As more cautious commentators seem to recognize, the problem of the judges and the algorithms is simply one more example of the familiar problem of workers and their tools.
If the workers don’t pick up the tools it might be the fault of the workers, but it might also be the fault of the design of the tools.
And it’s more likely that the fault does not lie in either the workers or the tools exclusively but in the relationship between the workers, the tools, and the work. A hammer isn’t very good at driving screws; a screw-driver is very bad at driving nails; some work will require screws, other work, nails.
If you are going to discuss these elements, it usually makes most sense to discuss them together, and from the perspectives of everyone involved.
The work that the workers and their tools are trying to accomplish here is providing safety—safety for everyone: for communities, accused citizens, cops on the streets. A look at the work of safety experts in other fields such as industry, aviation, and medicine provides us with some new directions.
To begin with, those safety experts would argue that this problem can never be permanently “fixed” by weighing aggregate outputs and then tinkering with the assessment tool and extorting perfect compliance from workers. Any “fix” we install will be under immediate attack from its environment.
Among the things that the Kentucky experience indicates is that in courts, as elsewhere, “covert work rules”, workarounds, and “informal drift” will always develop, no matter what the formal requirements imposed from above try to require.
The workers at the sharp end will put aside the tool when it interferes with their perception of what the work requires. Deviations won’t be huge at first; they will be small modifications. But they will quickly become normal.
And today’s small deviation will provide the starting point for tomorrow’s.
What the criminal justice system currently lacks—but can build—is the capacity for discussing why these departures seemed like good ideas. Why did the judge zig, when the risk assessment tool said he or she should have zagged? Was the judge right this time?
Developing an understanding of the roots of these choices can be (as safety and quality experts going back to W. Edwards Deming would argue) a key weapon in avoiding future mistakes.
We can never know whether a “false positive” detention decision was an error, because we can never prove that the detainee if released would not have offended. But we can know that the decision was a “variation” and track its sources. Was this a “special cause variation” traceable to the aberrant personality of a particular judge? (God knows, they’re out there.)
Or was it a “common cause variation” a natural result of the system (and the tools) that we have been employing?
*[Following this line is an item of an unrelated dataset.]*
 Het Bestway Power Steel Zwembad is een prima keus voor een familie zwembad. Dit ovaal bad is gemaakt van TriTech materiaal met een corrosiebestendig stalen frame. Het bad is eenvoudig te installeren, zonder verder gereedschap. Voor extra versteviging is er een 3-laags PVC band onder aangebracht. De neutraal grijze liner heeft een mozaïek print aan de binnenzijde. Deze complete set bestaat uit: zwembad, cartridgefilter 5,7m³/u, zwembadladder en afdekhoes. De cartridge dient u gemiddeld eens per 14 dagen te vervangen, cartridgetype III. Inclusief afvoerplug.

This is the kind of analysis that programs like the Sentinel Events Initiative demonstration projects about to be launched by the National Institute of Justice and the Bureau of Justice Assistance can begin to offer. The SEI program, due to begin January 1, with technical assistance from the Quattrone Center for the Fair Administration of Justice at the University of Pennsylvania Law School, will explore the local development of non-blaming, all-stakeholders, reviews of events (not of individual performances) with the goal of enhancing “forward-looking accountability” in 20-25 volunteer jurisdictions.
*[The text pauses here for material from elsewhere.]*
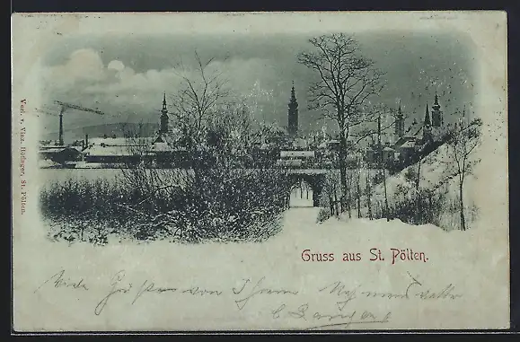 Mondschein-AK St. Pölten, Teilansicht im Schnee

The “thick data” that illuminates the tension between the algorithm and the judge can be generated. The judges who have to make the decisions, the programmers who have to refine the tools, the sheriff who holds the detained, the probation officer who supervises the released, and the community that has to trust both the process and the results can all be included.
We can mobilize a feedback loop that delivers more than algorithms simply “leaning in” to listen to themselves.
What we need here is not a search for a “silver bullet,” but a commitment to an ongoing practice of critically addressing the hard work of living in the world and making it safe.
James Doyle is a Boston defense lawyer and author, and a frequent contributor to The Crime Report. He has advised in the development of the Sentinel Events Initiative of the National Institute of Justice. The opinions expressed here are his own. He welcomes readers’ comments.